Fair Value of Financial Instruments
Financial Accounting Standards Board ("FASB") guidance on fair value measurements and disclosures defines fair value for GAAP and establishes a framework for measuring fair value as well as a fair value hierarchy based on the quality and nature of inputs used to measure fair value. The term "fair value" in these combined financial statements is defined in accordance with GAAP. The hierarchy gives the highest priority to unadjusted quoted prices in active markets for identical assets or liabilities (Level 1 measurements) and the lowest priority to unobservable inputs (Level 3 measurements). The three levels of the fair value hierarchy are as follows:
Level 1 Inputs reflect unadjusted quoted prices in active markets for identical assets or liabilities that the Company has the ability to access at the measurement date;
Level 2 Inputs represent other than quoted prices that are observable for the asset or liability either directly or indirectly, including inputs in markets that are not considered to be active; and
Level 3 Inputs are those that are unobservable.
The carrying value of the Company's cash and cash equivalents, hotel receivables, accounts payable and accrued expenses approximate fair value because of the relatively short maturities of these instruments. The Company is not required to carry any other assets or liabilities at fair value on a recurring basis.
Investment in hotel property, net
The Company allocates the purchase prices of hotel properties acquired through an asset acquisition based on the fair value of the acquired real estate, furniture, fixtures and equipment, identifiable intangible assets and assumed liabilities. In making estimates of fair value for purposes of allocating the purchase price, the Company utilizes a number of sources of information that are obtained in connection with the acquisition of a hotel property, including valuations performed by independent third parties and information obtained about each hotel property resulting from pre acquisition due diligence. Hotel property acquisition costs are capitalized and amortized over the appropriate useful life.
The Company's investments in hotel properties are carried at cost and are depreciated using the straight-line method over the estimated useful lives of the assets, generally 39 years for buildings, 15 years for land improvements, 5 to 15 years for building improvements and three to five years for furniture, fixtures and equipment. Renovations and replacements at the hotel properties that improve or extend the life of the assets are capitalized and depreciated over their useful lives, while repairs and maintenance are expensed as incurred. Upon the sale or retirement of property and equipment, the cost and related accumulated depreciation are removed from the Company's accounts, and any resulting gain or loss is recognized in the combined statement of operations.

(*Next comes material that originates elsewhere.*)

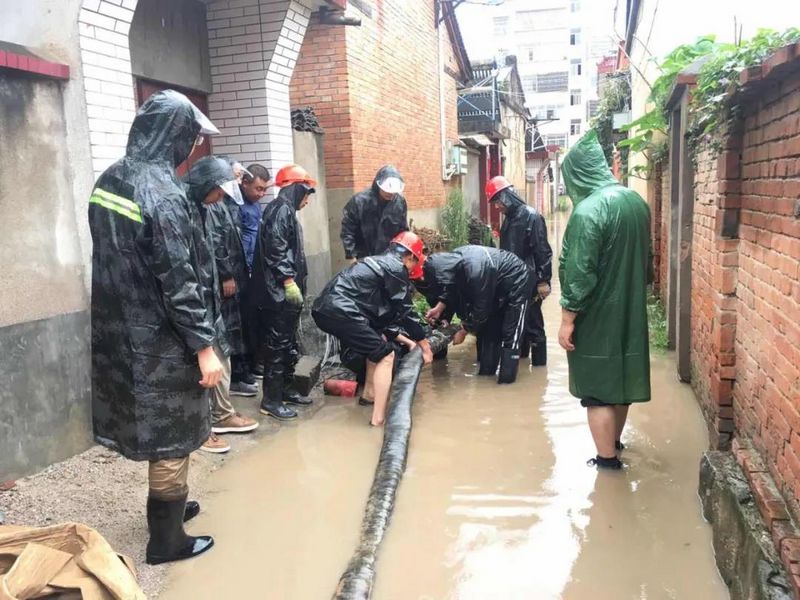 刘沟新村地属城乡边缘,地势低洼,接连的强暴雨导致沟渠排水不畅,导致积水占据整个巷道,镇党委委员、刘沟村党支部书记刘辉光在得到消息后,在及时汇报镇党委、政府的同时,立即带领救援小分队展开自救,安排抢险人员打开路边所有的排水井及排水口,开掘水道,利用水泵抽出积水,使灾情得以缓解。

The Company periodically reviews its hotel properties for impairment whenever events or changes in circumstances indicate that the carrying value of the hotel properties may not be recoverable. Events or circumstances that may cause a review include, but are not limited to, adverse changes in the demand for lodging at the properties due to declining national or local economic conditions or new hotel construction in markets where the hotel properties are located. When such conditions exist, management performs an analysis to determine if the estimated undiscounted future cash flows, without interest charges, from operations and the net proceeds from the ultimate disposition of a hotel property exceeds its carrying value. If the estimated undiscounted future cash flows are less than the carrying amount, an adjustment to reduce the carrying amount to the related hotel property's estimated fair market value is recorded and an impairment loss is recognized. There were no impairments recorded during the year ended December 31, 2025.
Cash and Cash Equivalents
Cash and cash equivalents consist of cash on hand, demand deposits with financial institutions and short term liquid investments with an original maturity of three months or less. Cash balances in individual banks may exceed federally insurable limits.
Hotel Receivables
Hotel receivables consist of amounts owed by guests staying in the Company's hotels andamounts due from business customers or groups. An allowance for doubtful accounts is provided and maintained at a level believed to be adequate to absorb estimated probable losses. As of December 31, 2025, the allowance for doubtful accounts was zero.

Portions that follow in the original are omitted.